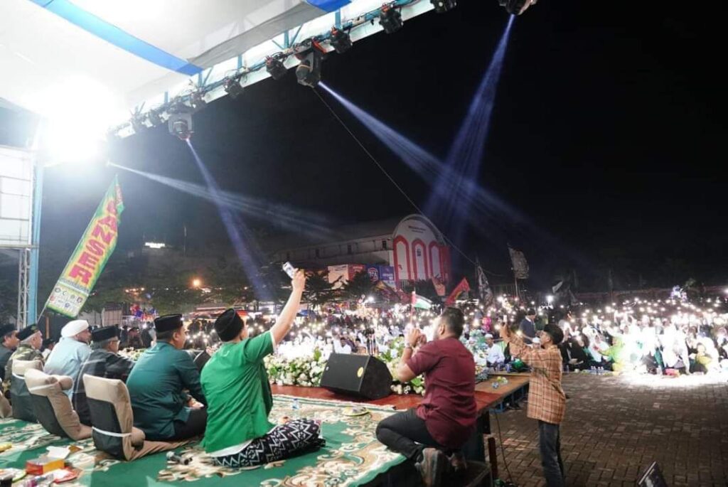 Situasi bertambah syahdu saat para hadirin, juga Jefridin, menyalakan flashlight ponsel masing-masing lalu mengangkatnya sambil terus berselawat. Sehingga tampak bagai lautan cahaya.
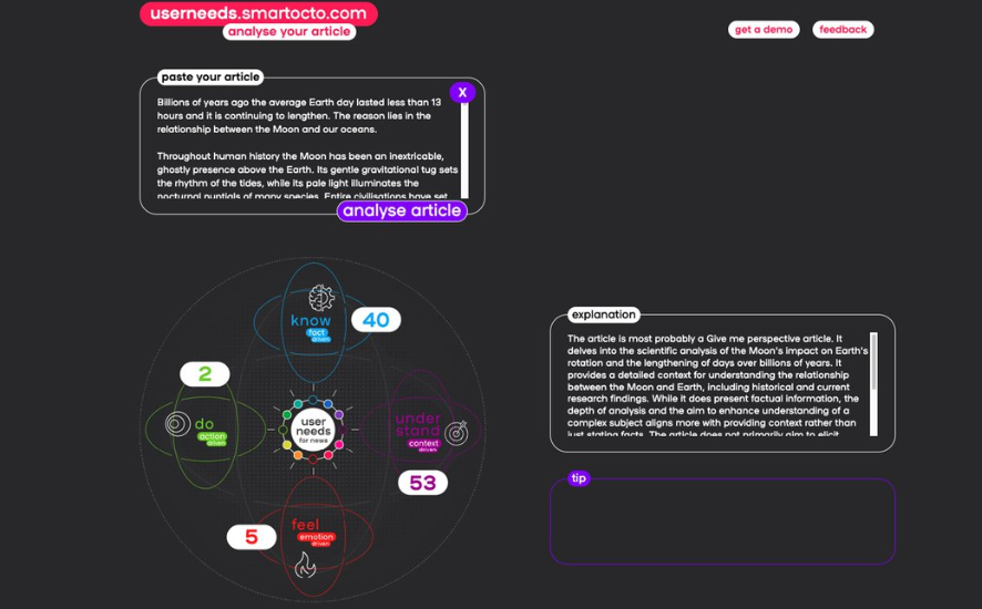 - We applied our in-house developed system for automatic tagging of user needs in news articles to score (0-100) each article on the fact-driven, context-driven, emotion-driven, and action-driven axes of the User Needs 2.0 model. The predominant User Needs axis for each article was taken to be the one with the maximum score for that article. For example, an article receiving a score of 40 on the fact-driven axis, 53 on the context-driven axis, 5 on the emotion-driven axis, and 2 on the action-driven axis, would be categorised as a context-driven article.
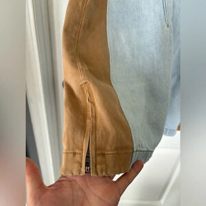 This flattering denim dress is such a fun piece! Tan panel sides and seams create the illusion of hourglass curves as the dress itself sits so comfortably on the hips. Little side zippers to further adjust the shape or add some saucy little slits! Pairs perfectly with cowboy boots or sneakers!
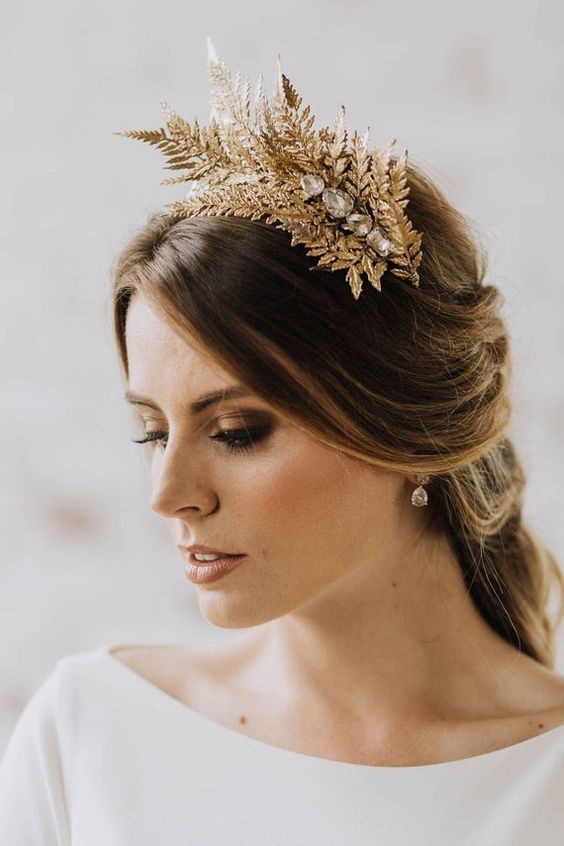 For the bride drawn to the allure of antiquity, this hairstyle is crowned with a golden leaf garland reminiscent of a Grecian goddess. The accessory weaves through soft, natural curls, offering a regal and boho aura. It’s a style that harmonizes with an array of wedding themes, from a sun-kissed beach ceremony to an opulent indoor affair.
==
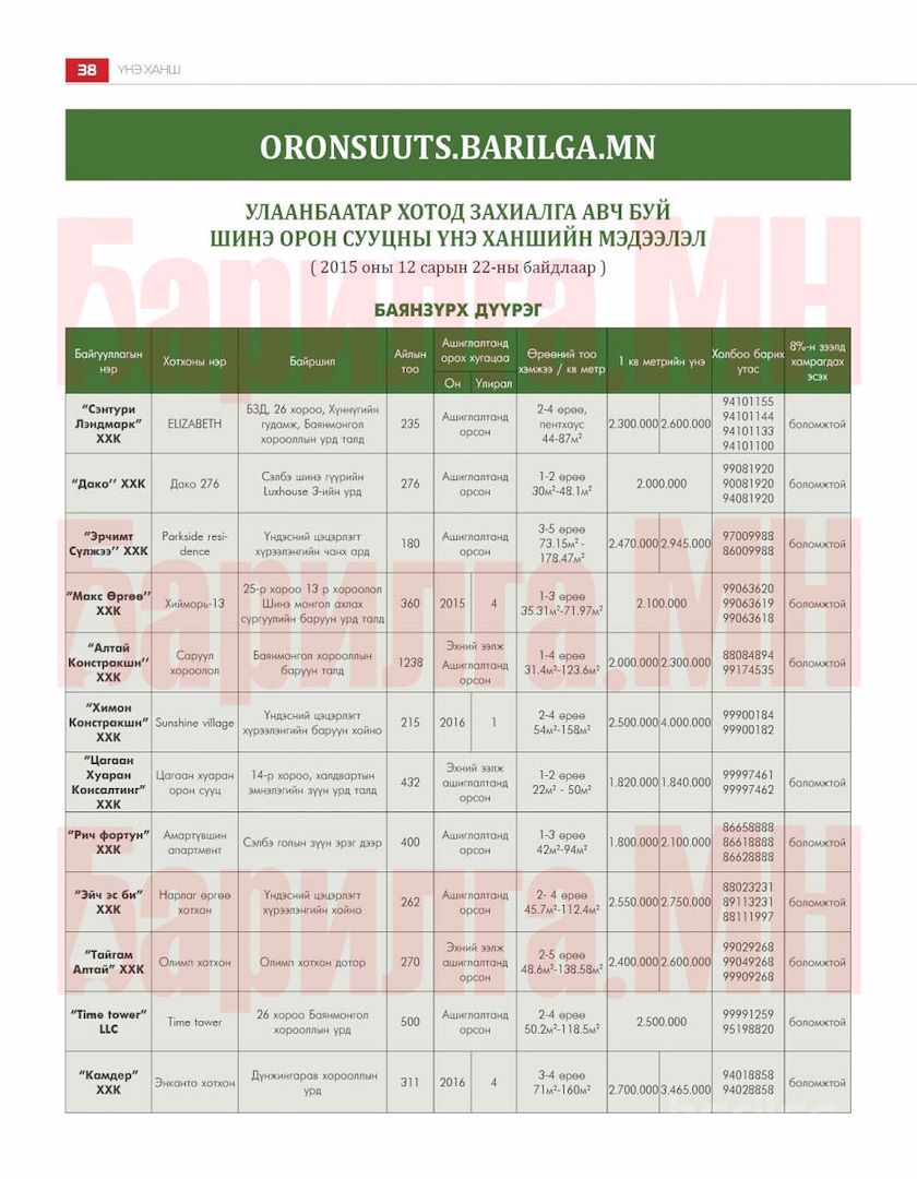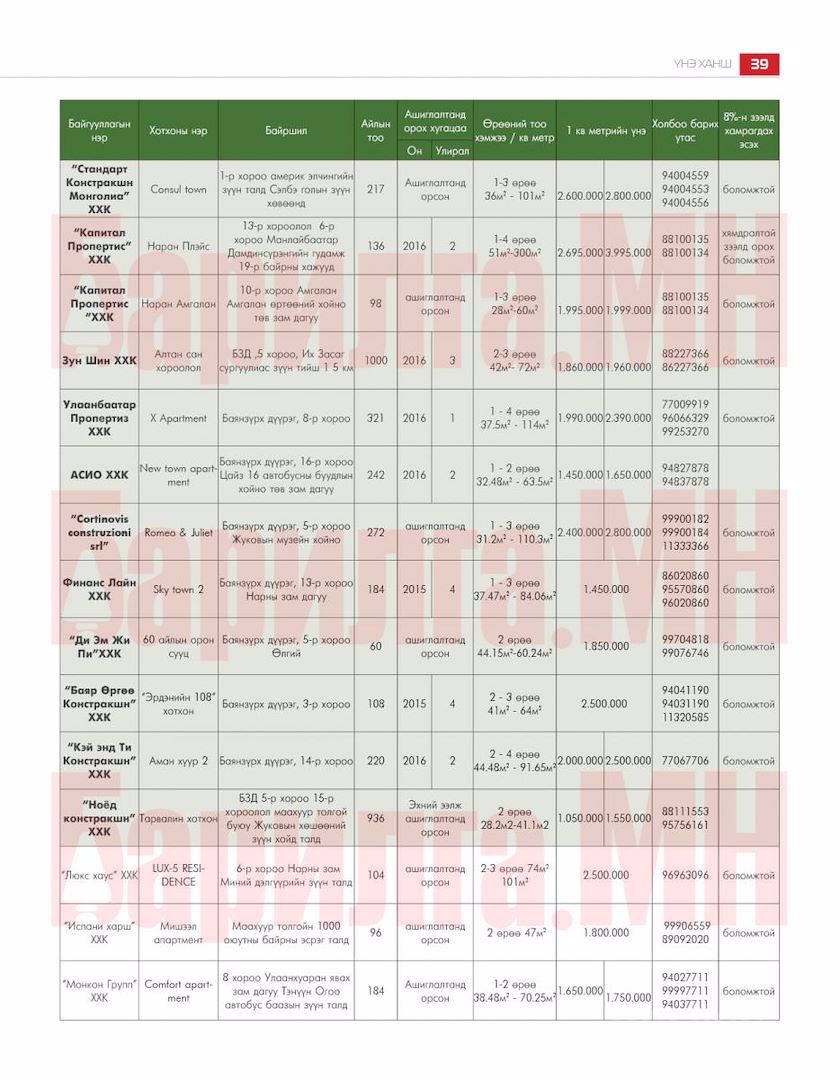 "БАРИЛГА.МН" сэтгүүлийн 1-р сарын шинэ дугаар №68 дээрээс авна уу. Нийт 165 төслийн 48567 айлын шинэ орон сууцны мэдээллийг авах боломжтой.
* * *
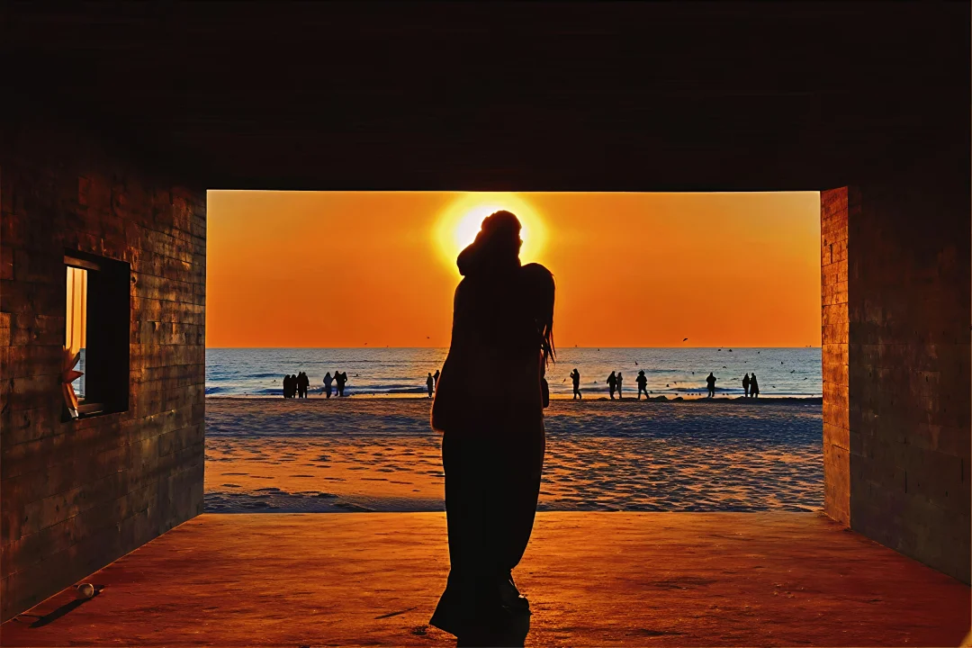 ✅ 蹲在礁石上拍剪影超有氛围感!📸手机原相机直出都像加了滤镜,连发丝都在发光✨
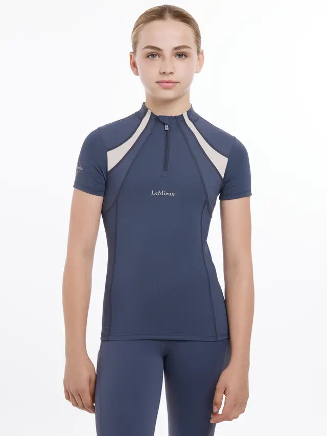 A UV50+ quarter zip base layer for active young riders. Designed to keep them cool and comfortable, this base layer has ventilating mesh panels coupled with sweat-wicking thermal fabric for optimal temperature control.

* [WHAT YOU WILL DO]:
Using the data above, set down each line from the line with "This flattering denim" to the line with "For the bride" exactly, both ends included, and leave the pictures behind. Nothing else belongs.

* [WORKED SOLUTION]:
 This flattering denim dress is such a fun piece! Tan panel sides and seams create the illusion of hourglass curves as the dress itself sits so comfortably on the hips. Little side zippers to further adjust the shape or add some saucy little slits! Pairs perfectly with cowboy boots or sneakers!
 For the bride drawn to the allure of antiquity, this hairstyle is crowned with a golden leaf garland reminiscent of a Grecian goddess. The accessory weaves through soft, natural curls, offering a regal and boho aura. It’s a style that harmonizes with an array of wedding themes, from a sun-kissed beach ceremony to an opulent indoor affair.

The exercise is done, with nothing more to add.